Niyamas: Tapas

Sunday, June 26, 2011

Tapas the third niyama translates as discipline or austerity, but can be better understood as "heat" or  something, the thing, that drives your practice.
The more regularly you practice, the more momentum or heat you are able to create to feed the continuation of your practice.
You practice, you begin to see results.
You practice regularly, your life begins to change.

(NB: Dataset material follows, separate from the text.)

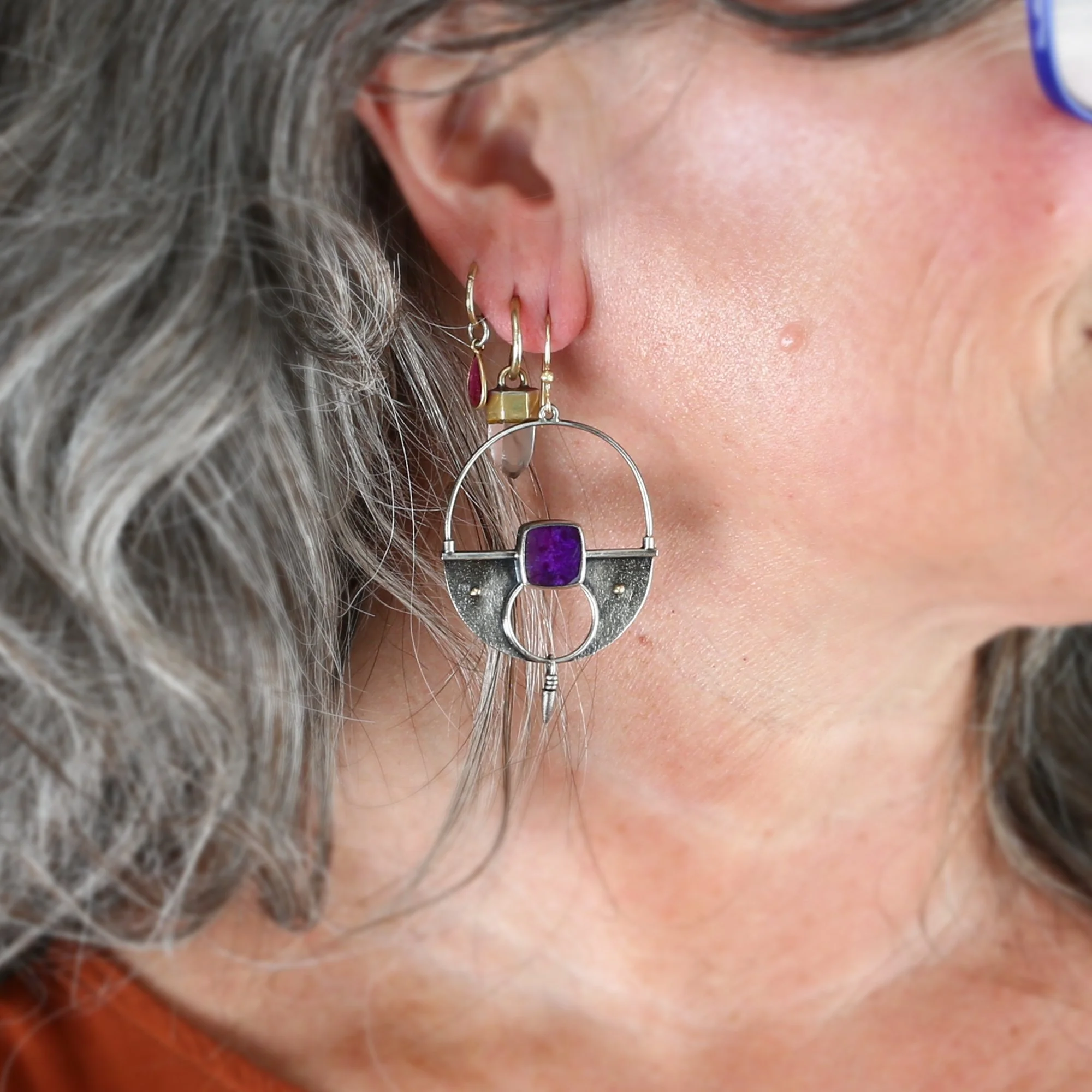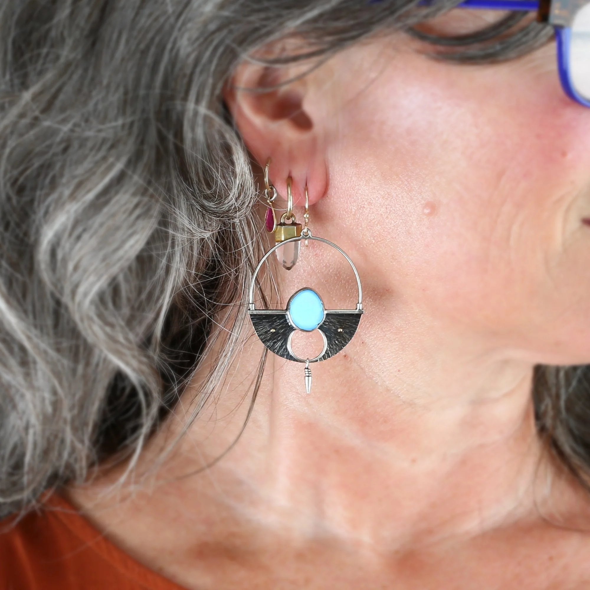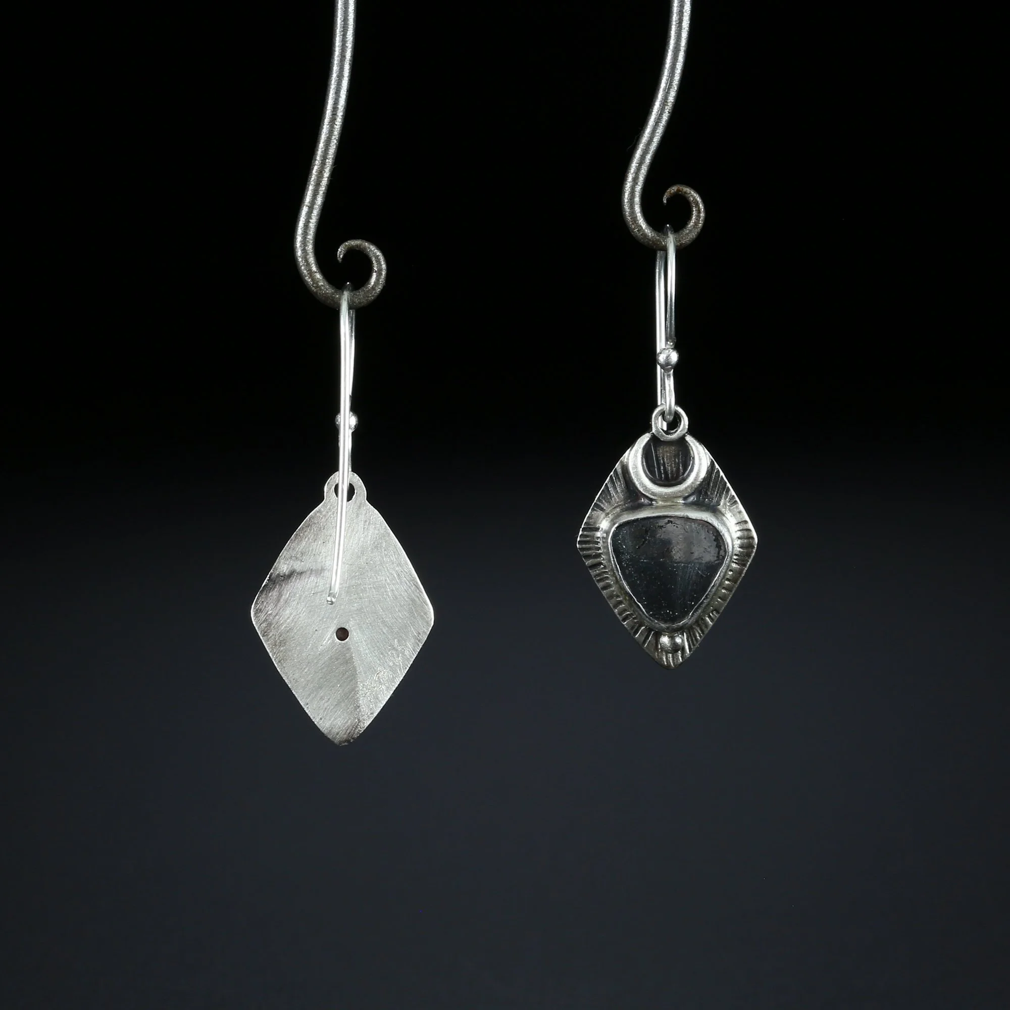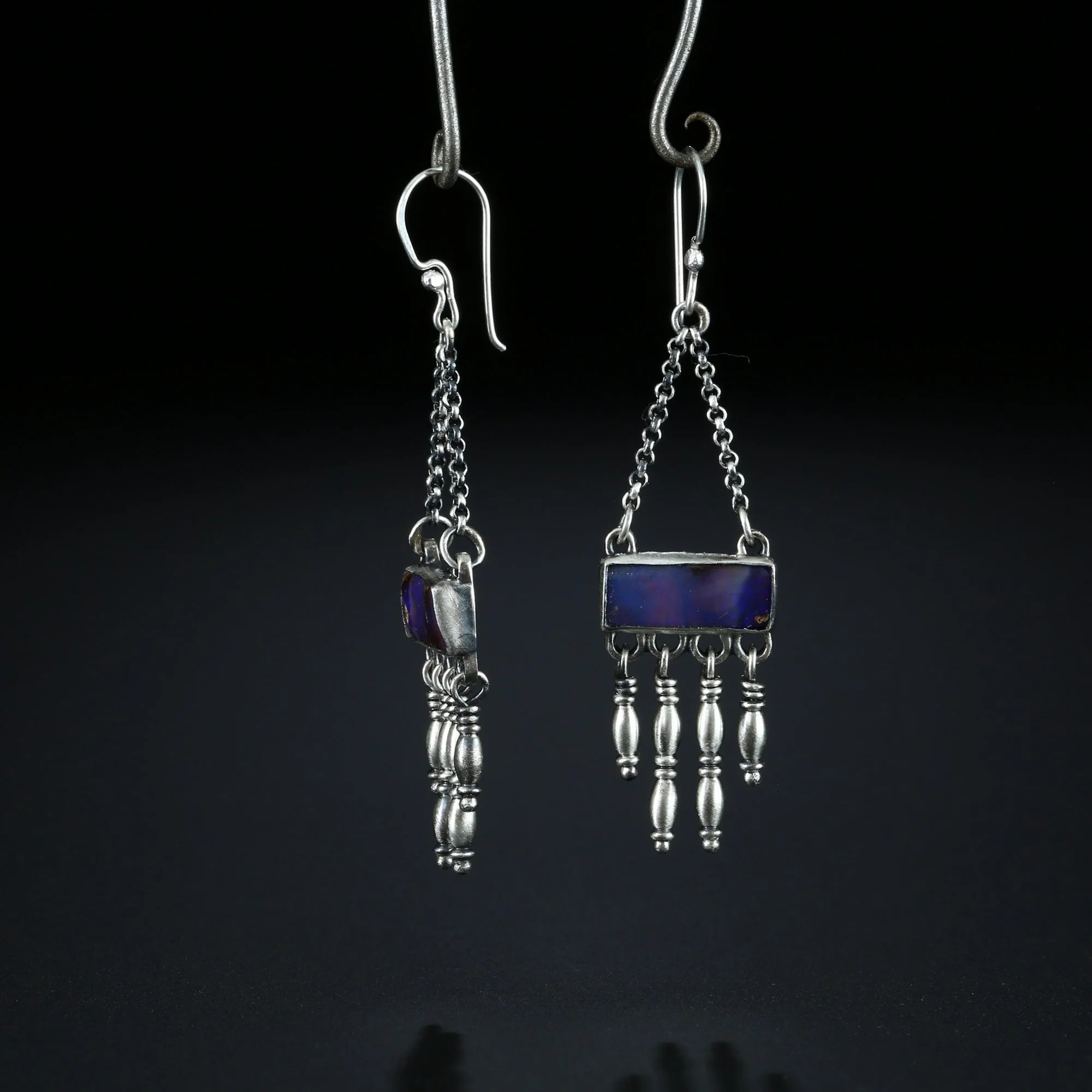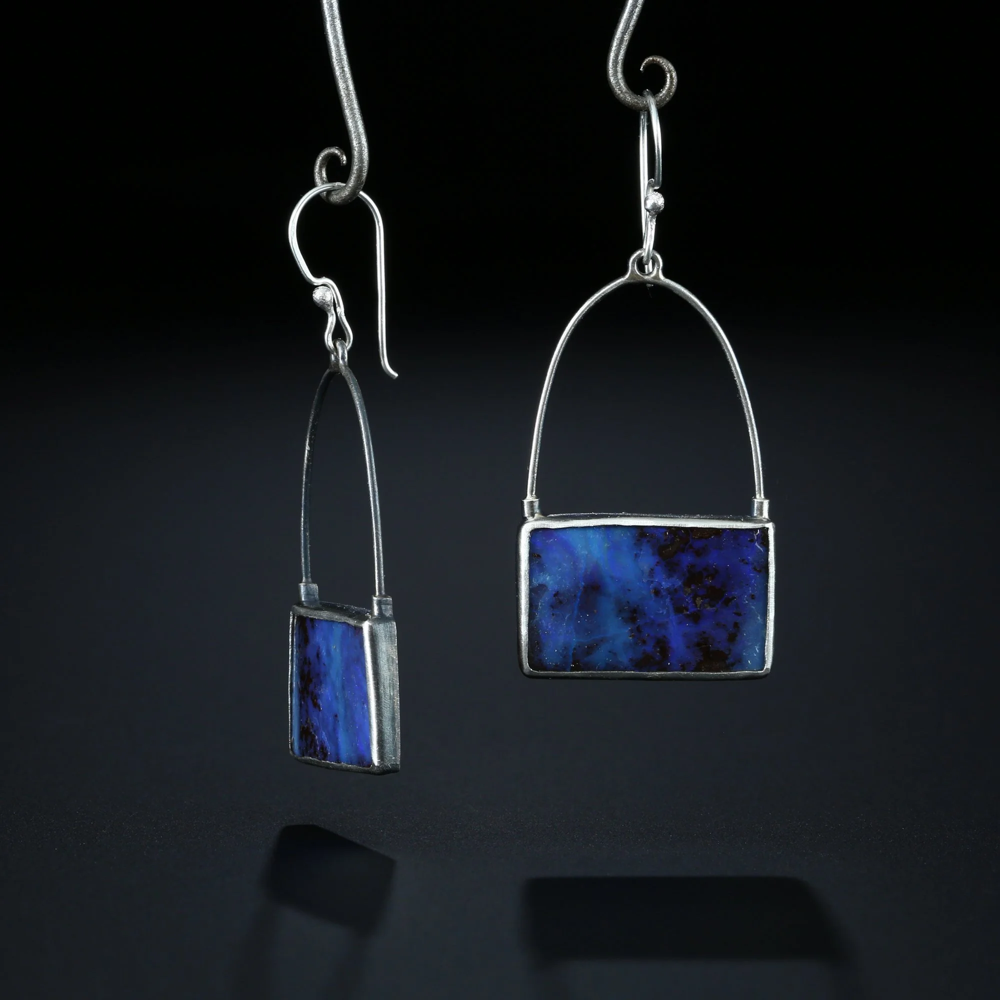 We fabricate our earrings using spectacular paired stones, sterling silver, 22k, 18k and 14k gold. Our ear wires are almost always fashioned with handmade 14k gold or sterling silver French hook ear wires.

The benefits of yoga asana practice are many--physically, mentally, emotionally--they are too numerous to list. The benefits of a meditation practice are also many--mental clarity, more level emotional state--again too numerous to create a simple list.
Despite the ability of these disciplines to heal the body, mind and spirit, there is a catch.
Isn't there always a catch?

It is this: in order to achieve the much desired benefits of practice, one must cultivate a regularity of practice. Through this regularity, we can begin to see our own weak spots, the areas of our lives on which we need to focus. If we only practice yoga asana once a week and meditate once a month, we are not exposed to the particulars of our own needs. How can we begin to listen to the focus of our thoughts--which may bring to light our personal samskaras or life patterns--if we don't sit down and do so each day?
Well, simply put, we cannot.

In this lifetime, if you wish to shed light on the true nature of your Self, if you wish to discover the fullness of life available to you (it's in there), come to the mat regularly and come to the meditation cushion even more often.

Nothing that's worth achieving comes easily. But the more consistently you practice, the more tapas you create, the more clarity you will have to see your Self as you really are.